Il sentit ses yeux le piquer.
— Quand tu voudras, dit-il. La porte est ouverte.
Il marqua une courte pause, puis ajouta :
— Et cette fois, je ne te dirai pas de ne pas revenir.
Elle eut un petit rire mêlé de larmes.
— Moi non plus, je ne claquerai pas la porte, promit-elle.
Ils parlèrent encore quelques minutes.
De choses simples.
De son travail à Rennes.
De l’appartement qu’elle partageait avec une collègue.
D’un chat tigré qui venait parfois dormir sur le rebord de sa fenêtre.
Des hortensias du jardin qui allaient bientôt refleurir.
Puis vint le moment de se dire au revoir.
Ni l’un ni l’autre ne savait très bien comment conclure.
— Tu peux m’appeler quand tu veux, dit-il finalement. Même pour rien. Pour me dire s’il pleut à Rennes.
— Et toi aussi, répondit-elle. Tu as mon numéro, maintenant. Ce serait dommage de n’utiliser que la Poste.
Il sourit.
— Je ferai des progrès avec le téléphone, promit-il.
Et il ajouta, dans un souffle :
— Merci d’avoir appelé, Claire.
— Merci d’avoir écrit, Papa.
Le « Papa » resta longtemps dans l’air après que la ligne eut été coupée.
Les jours suivants prirent une autre couleur.
Jean-Louis se surprit à ranger un peu plus que d’habitude.
À ouvrir le placard de la chambre d’amis pour vérifier si les draps étaient propres.
À se demander quelle confiture Claire préférait maintenant.
Un matin, il demanda à Mme Le Guen :
— Vous qui faites de si bons gâteaux… vous auriez une recette simple, mais qui fait de l’effet ?
Elle leva un sourcil amusé.
— Vous avez invité quelqu’un, Monsieur Maréchal ?
Il rougit presque.
— Disons que… peut-être… quelqu’un devrait venir un de ces jours.
Elle ne posa pas plus de questions.
Elle répondit seulement :
— Dans ce cas, un gâteau au yaourt aux pommes.
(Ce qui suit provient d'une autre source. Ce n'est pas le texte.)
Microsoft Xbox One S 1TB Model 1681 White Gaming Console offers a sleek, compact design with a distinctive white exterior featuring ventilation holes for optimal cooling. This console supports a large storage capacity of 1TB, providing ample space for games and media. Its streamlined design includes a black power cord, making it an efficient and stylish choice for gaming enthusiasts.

Ça ne rate jamais. Et ça sent bon dans toute la maison.
Il nota la recette soigneusement sur un bout de papier.
Chaque ingrédient lui donnait l’impression de préparer un accueil.
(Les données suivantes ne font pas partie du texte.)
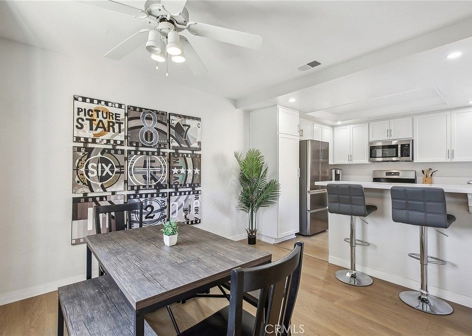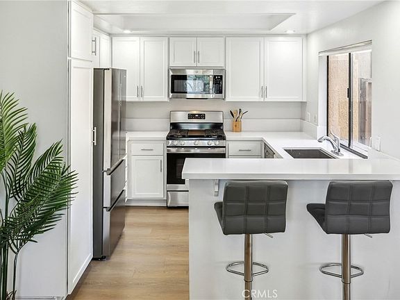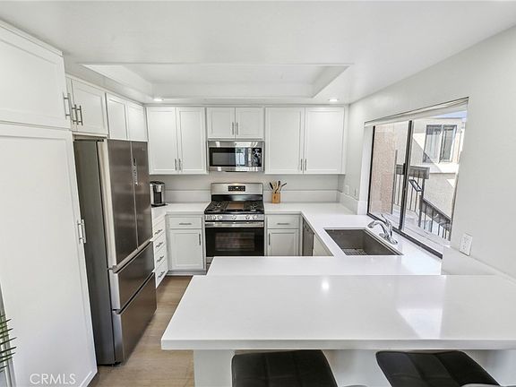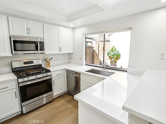 Welcome to the Millstream Community! This beautiful second level condo with 971 sq. ft. of living space boasts an abundance of natural light in every room. The home features two spacious bedrooms and one and a quarter bathrooms (other units have converted the 1/4 bath to a 3/4 bath), a large private gated patio, and a single car detached garage! As you enter the home, you are greeted by a cozy free standing fireplace, vaulted ceilings and luxury vinyl flooring. The kitchen was remodeled in 2023 with all new cabinetry, quartz countertops and stainless steel appliances. The primary bedroom features a large walk in closet and its own private sink area, and the secondary bedroom has mirrored closet doors. The stackable washer and dryer are conveniently located inside the unit and are included in the sale. There was also a new furnace installed in 2022 and a new water heater in May of 2023. Skylights and lots of windows give this unit a light and bright atmosphere. You will love the scenic pathways of this community with meandering streams and gentle waterfalls. This amazing gated community also offers a sparkling pool, soothing spa and a well maintained tennis court. There is plenty of guest parking throughout the community with no permits needed. In addition to being in close proximity to shopping, restaurants, and entertainment, this community is 5 minutes to the freeway and 10 minutes to the beach! You don’t want to miss this one!!!
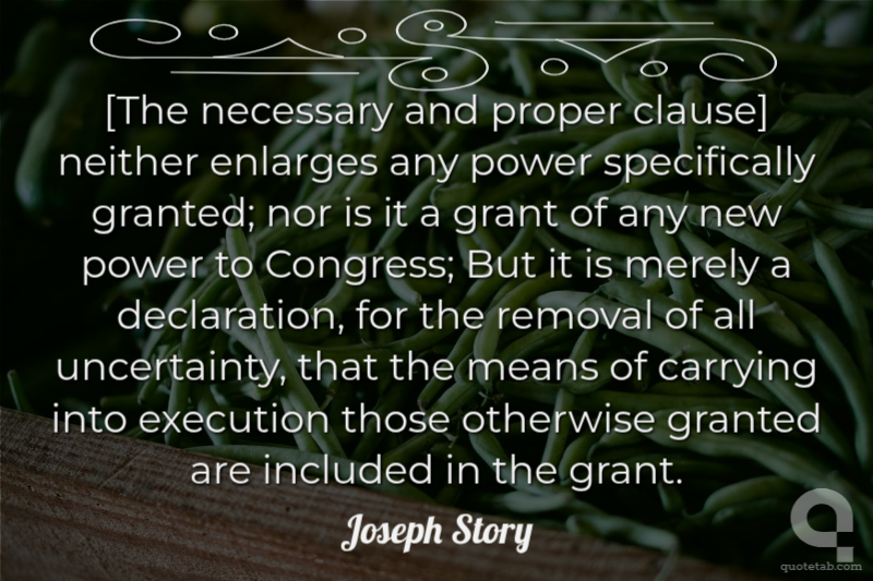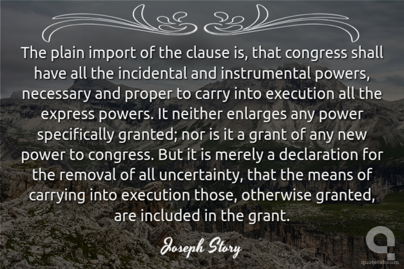 The plain import of the clause is, that congress shall have all the incidental and instrumental powers, necessary and proper to carry into execution all the express powers. It neither enlarges any power specifically granted; nor is it a grant of any new power to congress. But it is merely a declaration for the removal of all uncertainty, that the means of carrying into execution those, otherwise granted, are included in the grant.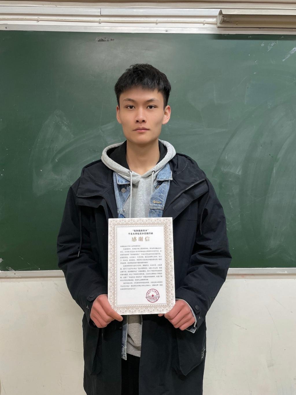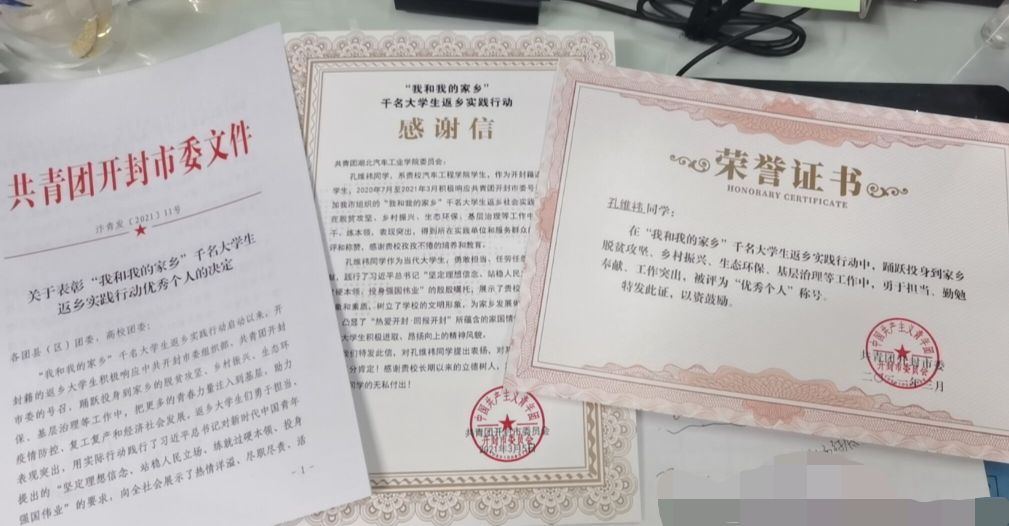 青春绽放的地方是最爱的家乡,我院的学子正在用行动践行着青年人的使命与担当!近日,该校9001cc金沙收到了来自河南省开封市团委寄来的表彰文件、荣誉证书和感谢信,对学院车辆193班孔维祎同学在当地“我和我的家乡”大学生返乡实践活动中的突出表现给予了高度肯定,评为“先进个人”。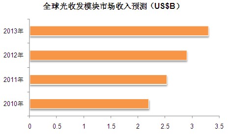 【訊石光通訊咨詢網(wǎng)編譯】LightCounting最新市場報告預(yù)計,2010年全球光收發(fā)器市場銷售額將達(dá)22億美元,該市場2009年至2013年間年復(fù)合增長率為15%,主要受寬帶市場日益增長的影響。

Le soir, en passant dans le salon, il s’arrêta devant le collier de Brume.
— Tu as entendu ? murmura-t-il.
Elle va peut-être revenir.
Pendant un instant, il eut la sensation très nette qu’une présence douce flottait dans la pièce.
Le reflet de la médaille vibra légèrement dans la lumière du lampadaire.
Il resta là un long moment, le cœur étonnamment calme.
Il savait que tout n’était pas réparé, que des choses restaient à dire, des silences à traverser.
Mais la direction était donnée.
Et au gré des marées de Perros-Guirec, la maison commençait à se préparer, elle aussi, à accueillir de nouveaux pas.